While this team reportedly did quite well playing various teams which later formed around Japan, the nation apparently showed passing interest until the famous Tokyo University formed a team of its own. In 1896 the team won by a considerable margin in a game against a group of Americans from a country club near Tokyo, in what is historically regarded as the first international baseball game in Asia. Following such a victory, universities around Japan began to form baseball teams of their own. University teams then began to travel to America to better improve their skills and also play in games with more formidable American teams. In 1905, the first such journey was made by a team from Waseda University, another famous Tokyo school. Teams from the U.S. also traveled to Japan and American baseball stars even held training workshops to help Japanese players hone their skills.

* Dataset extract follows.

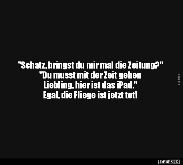 "Schatz, bringst du mir mal die Zeitung?" "Du musst mit der Zeit gehen Liebling, hier ist das iPad." Egal, die Fliege ist jetzt tot!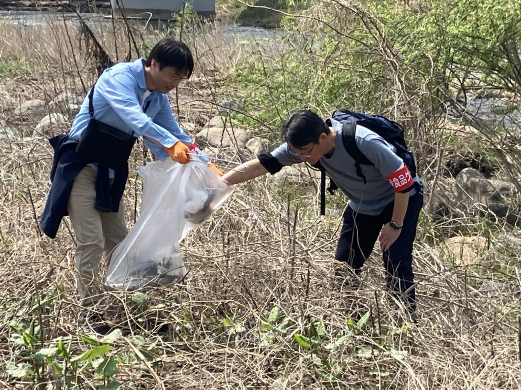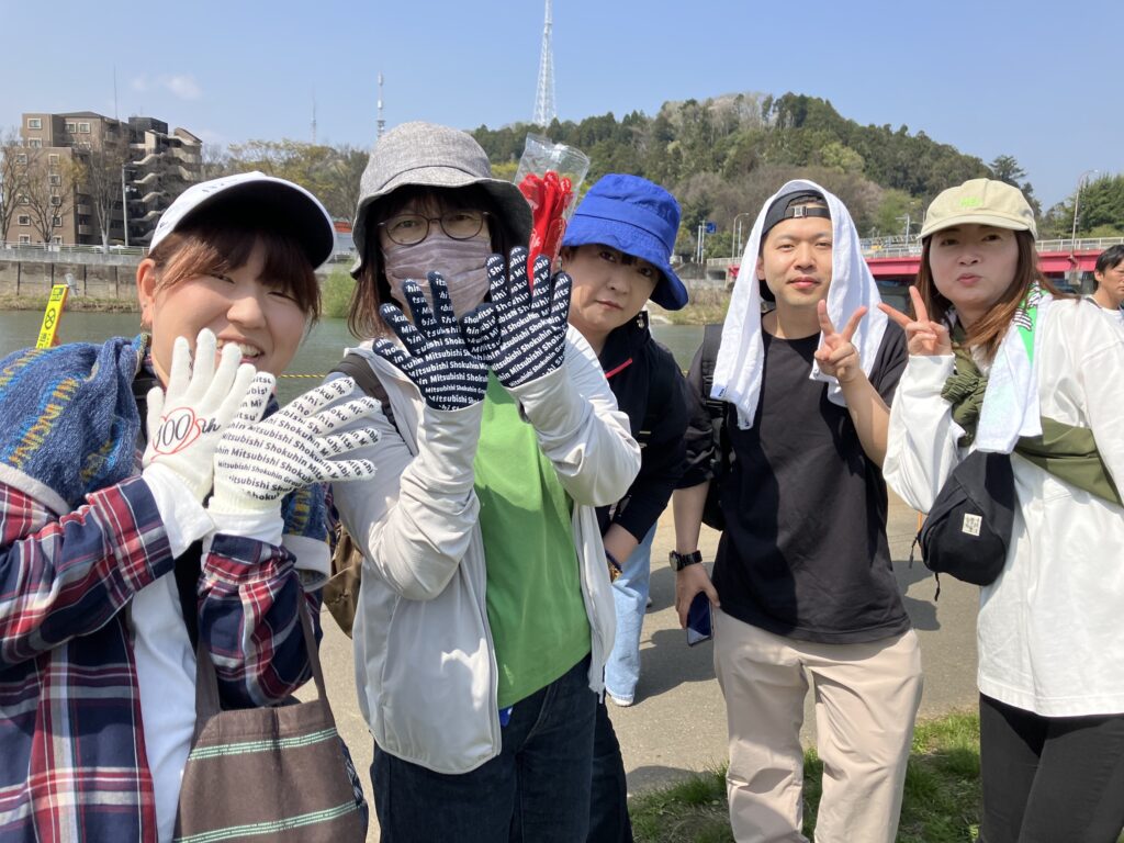 よく晴れた空の下、皆でともに汗をかきながら、オリジナル清掃グッズを身につけて清掃活動を行いました 。

Professional baseball in Japan is called “Puro Yakyu” (pronounced “poo-roe yah-kyoo”) which simply translates to English as “Professional Baseball”. The first professional baseball league in Japan was known as simply “The Japanese Baseball League” and was reportedly established in 1936. In 1950, the league reorganized itself as the “Nippon Professional Baseball” league, also known as the “NPB”. It is this league that is currently considered to be the highest level of professional baseball in Japan today. Some notably unique characteristics of the NPB in comparison with Major League Baseball in America include a slightly smaller ball (potentially due to it being wound more tightly), a strike zone which is larger near the batter and smaller away from the batter, less aggressive play, and also less home runs. Also unique is the fact that teams have generally been associated with their corporate sponsors rather than the cities where they are located. This is changing and one team now, the Yokohama BayStars, has even chosen to omit the name of its corporate sponsor in favor of its location (Yokohama).
Until as recently as 1993 the sport of baseball was the only professional league team sport in Japan. This alone is a shining testament to the sport’s lasting popularity. Baseball heroes of Japan have been given media coverage the likeness of a celebrity funeral upon their retirement and tears are even shed on camera, something not often seen in a publically unemotional country like Japan.